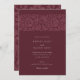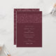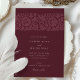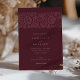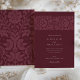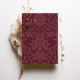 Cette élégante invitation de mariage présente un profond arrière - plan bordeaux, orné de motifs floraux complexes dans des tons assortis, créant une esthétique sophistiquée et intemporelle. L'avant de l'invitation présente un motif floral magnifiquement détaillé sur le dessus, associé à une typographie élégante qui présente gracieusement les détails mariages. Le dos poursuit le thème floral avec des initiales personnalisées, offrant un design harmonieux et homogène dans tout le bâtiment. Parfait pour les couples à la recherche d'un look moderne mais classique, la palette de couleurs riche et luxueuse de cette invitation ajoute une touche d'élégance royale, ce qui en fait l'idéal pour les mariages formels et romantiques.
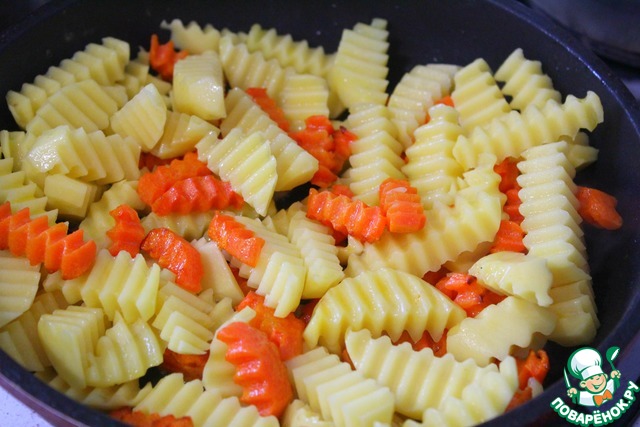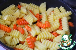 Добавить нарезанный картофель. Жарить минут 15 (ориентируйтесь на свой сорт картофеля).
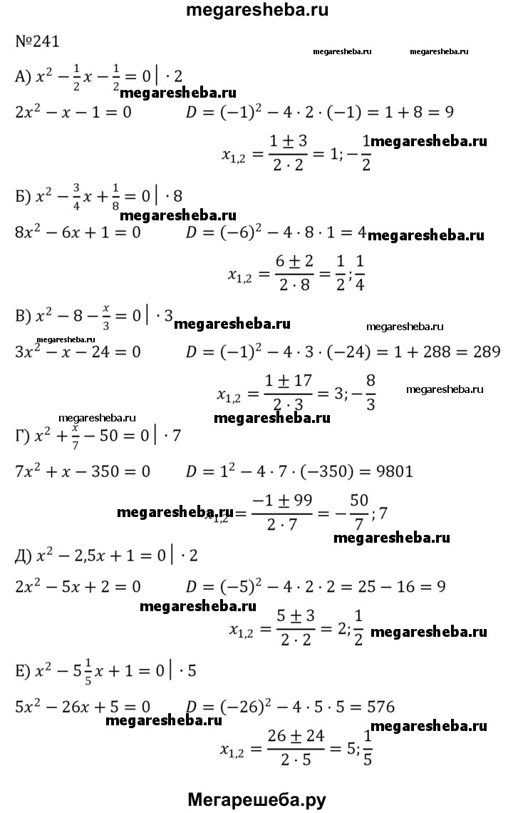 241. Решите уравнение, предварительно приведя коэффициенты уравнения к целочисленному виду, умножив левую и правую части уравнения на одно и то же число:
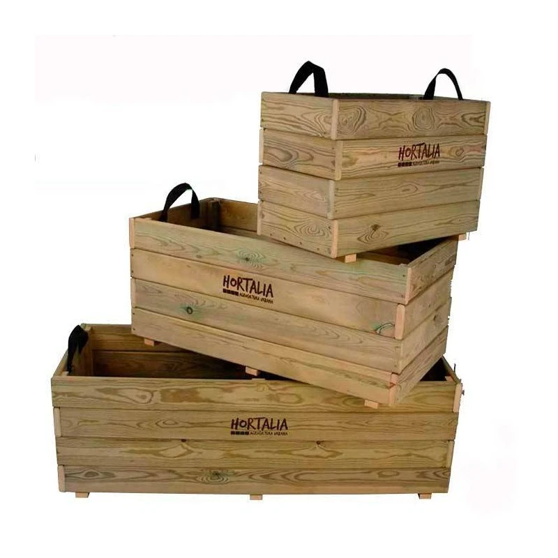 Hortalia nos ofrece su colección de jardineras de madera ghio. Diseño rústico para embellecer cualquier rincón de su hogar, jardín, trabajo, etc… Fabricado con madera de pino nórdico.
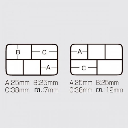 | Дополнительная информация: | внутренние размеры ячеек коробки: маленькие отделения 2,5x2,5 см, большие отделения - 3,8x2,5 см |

==

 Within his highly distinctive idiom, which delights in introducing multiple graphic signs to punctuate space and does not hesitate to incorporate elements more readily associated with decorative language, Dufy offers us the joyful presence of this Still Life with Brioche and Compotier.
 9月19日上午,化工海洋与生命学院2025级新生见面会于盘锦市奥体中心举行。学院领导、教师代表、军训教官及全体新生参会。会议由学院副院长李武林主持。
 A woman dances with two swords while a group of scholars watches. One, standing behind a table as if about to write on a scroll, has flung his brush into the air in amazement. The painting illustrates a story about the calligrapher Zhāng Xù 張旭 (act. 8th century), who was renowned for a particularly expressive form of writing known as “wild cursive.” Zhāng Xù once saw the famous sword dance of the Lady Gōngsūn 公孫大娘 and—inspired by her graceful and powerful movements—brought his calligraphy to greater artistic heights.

Task prompt ->
List all lines from the entries that include the word "with".

Answer to this task ->
 Within his highly distinctive idiom, which delights in introducing multiple graphic signs to punctuate space and does not hesitate to incorporate elements more readily associated with decorative language, Dufy offers us the joyful presence of this Still Life with Brioche and Compotier.
 A woman dances with two swords while a group of scholars watches. One, standing behind a table as if about to write on a scroll, has flung his brush into the air in amazement. The painting illustrates a story about the calligrapher Zhāng Xù 張旭 (act. 8th century), who was renowned for a particularly expressive form of writing known as “wild cursive.” Zhāng Xù once saw the famous sword dance of the Lady Gōngsūn 公孫大娘 and—inspired by her graceful and powerful movements—brought his calligraphy to greater artistic heights.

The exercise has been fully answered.